# Material to process
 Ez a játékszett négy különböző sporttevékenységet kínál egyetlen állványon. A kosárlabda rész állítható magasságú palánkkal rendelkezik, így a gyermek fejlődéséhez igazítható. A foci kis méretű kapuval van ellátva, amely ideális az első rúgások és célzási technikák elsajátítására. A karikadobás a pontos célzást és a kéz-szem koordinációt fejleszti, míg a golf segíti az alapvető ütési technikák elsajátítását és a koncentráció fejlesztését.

* * *

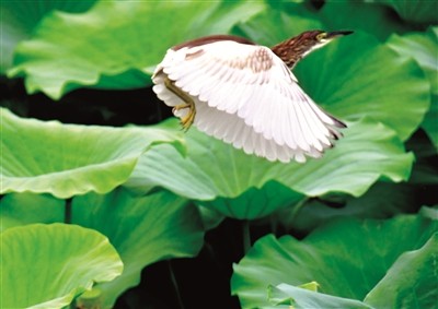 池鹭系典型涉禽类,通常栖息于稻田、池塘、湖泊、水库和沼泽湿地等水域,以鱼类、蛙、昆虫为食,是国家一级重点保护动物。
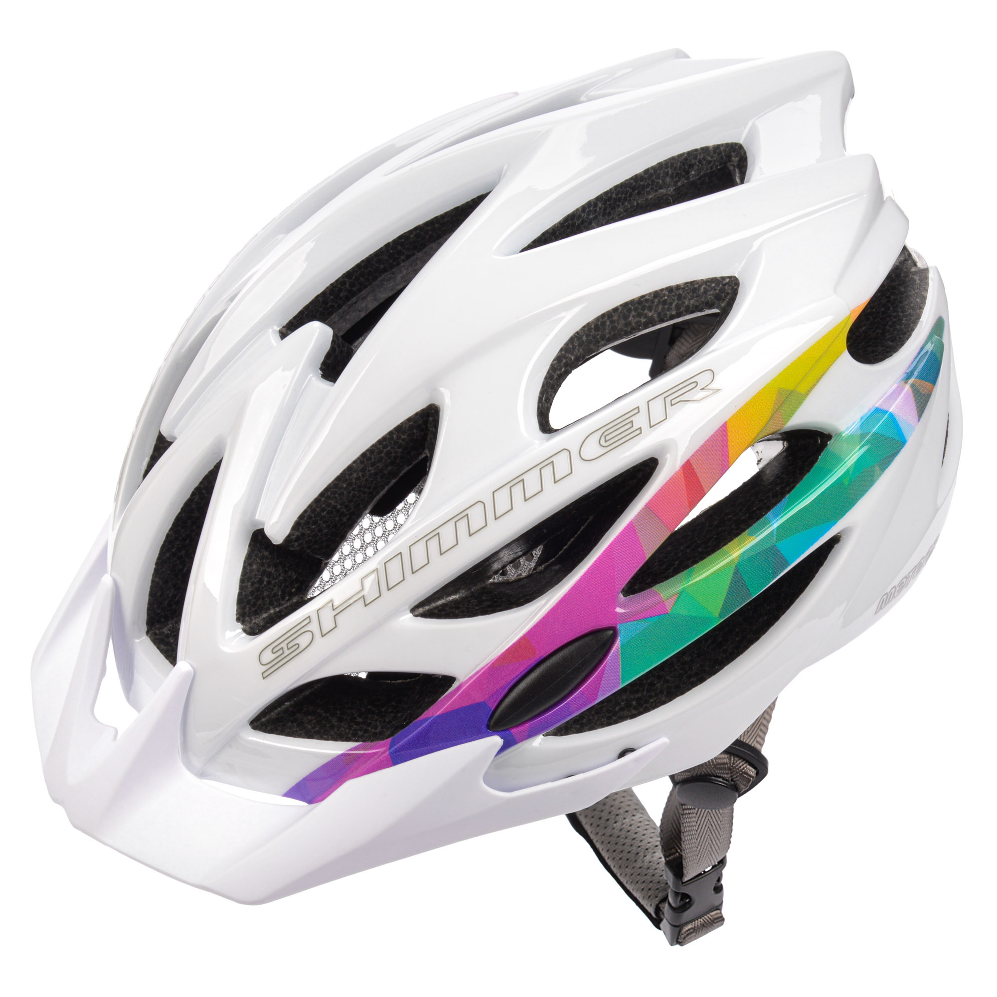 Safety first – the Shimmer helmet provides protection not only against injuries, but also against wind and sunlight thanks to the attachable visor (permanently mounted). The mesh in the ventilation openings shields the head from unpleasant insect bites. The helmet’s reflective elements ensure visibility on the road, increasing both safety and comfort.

==

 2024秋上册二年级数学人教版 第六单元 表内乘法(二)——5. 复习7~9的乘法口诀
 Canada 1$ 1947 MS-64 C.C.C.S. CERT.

# Exercise
For the listing above, print only the lines starting at the line containing "2024秋上册二年级数学人教版 第六单元 表内乘法(二)——5. 复习7~9的乘法口诀" and ending at the line containing "Canada 1$ 1947 MS-64 C.C.C.S. CERT.", exactly, both included.

# Answer for this exercise
 2024秋上册二年级数学人教版 第六单元 表内乘法(二)——5. 复习7~9的乘法口诀
 Canada 1$ 1947 MS-64 C.C.C.S. CERT.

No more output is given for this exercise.